集中力

将棋の羽生九段(50歳)は、免許を持っていますが車の運転はしないそうです。なんで? 将棋のことを考えると集中しすぎて危ないからです。頭の中で将棋盤が動き出すと、止まらなくなるらしい。これ「フロー状態」です。将棋は対象に没入する条件が備わっています。ルールが明確。勝つためのシナリオは無数にある。しかもプロ棋士は、目標の難易度と技量のバランスがとれている。羽生さんの集中力はすごいんでしょうね。

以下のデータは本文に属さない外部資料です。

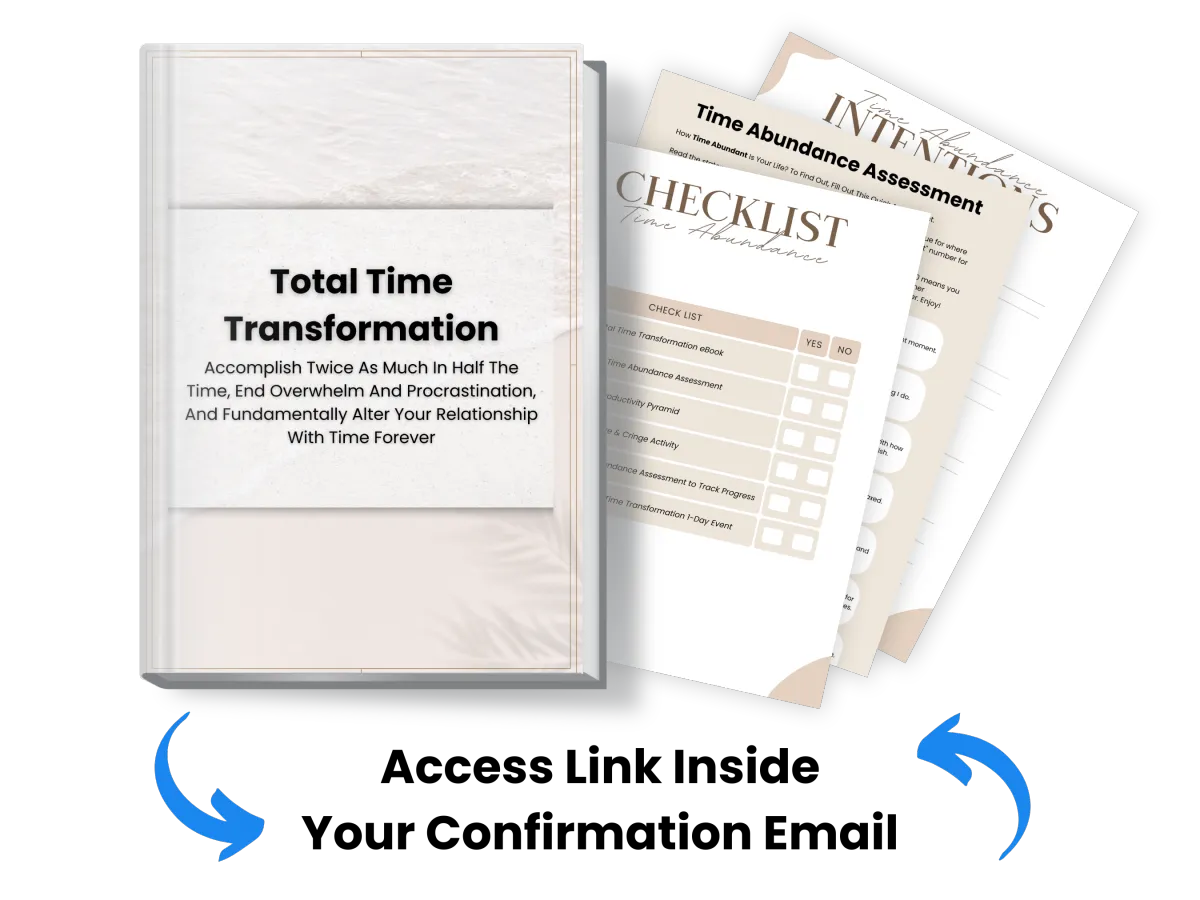 Download Your eBook: Start shifting your relationship with time right now. The Total Time Transformation eBook is your roadmap to more clarity, freedom, and peace—before we even go live with the event. You'll find the access link in your confirmation email.
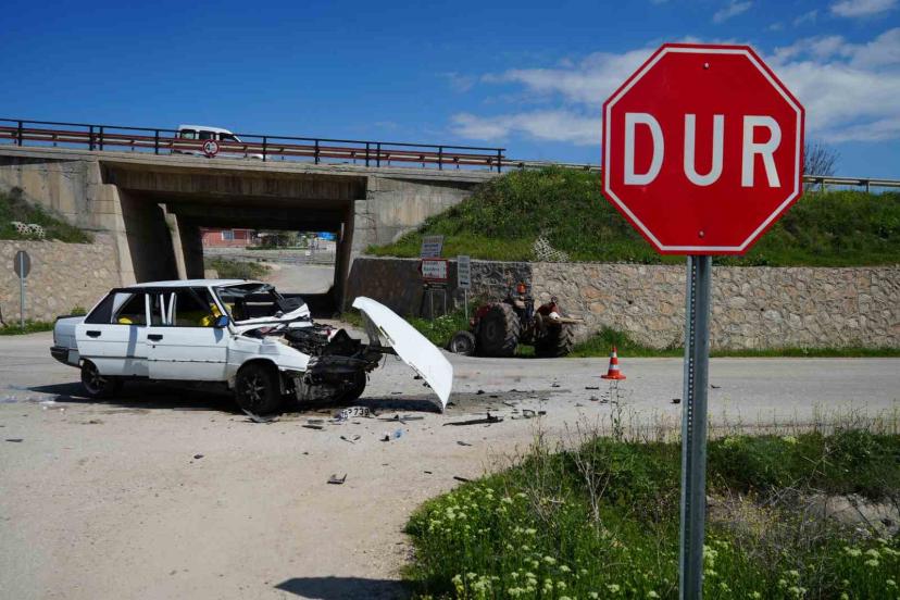 Traktör ile otomobil kafa kafaya çarpıştı: 5 yaralı
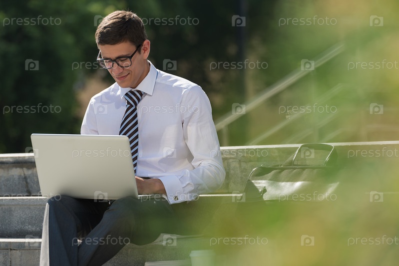Бизнесмен с ноутбуком на улице

この「フロー体験」とはどういうものでしょう。もともとチクセントミハイという心理学者が提唱したものです。芸術家などが創造的仕事に没頭すると「忘我の境地」に入り、時間を忘れて集中する。あっという間に時間が過ぎる。読書やおしゃべりなどに夢中になるのもフロー体験の一種だそうです。

このフロー状態になるためには、3つの条件があります。①明確な目標、②フィードバック、③自己スキルと挑戦レベルの釣り合い。この3条件が満たされると、脳の能力が集中されて創造的になる。そしてフローで創造的な結果を創出するためには、特定分野での訓練が必要だと言います。この訓練でポイントになるのが「覚醒」と「コントロール」。自己スキルが挑戦レベルを上回るのが覚醒、挑戦レベルを自己スキルに見合うまで高めるのがコントロールです。ちなみにドイツの調査では、「能動的に多くの本を読んでいる人はフロー体験が多く、本を読まず受動的にテレビを見ている人はフロー体験が少ない」という結果が出ています。どうやら、『能動的×好きなこと=フロー』のようですね。それは「楽しさ」や「Happyな気分」にもつながります。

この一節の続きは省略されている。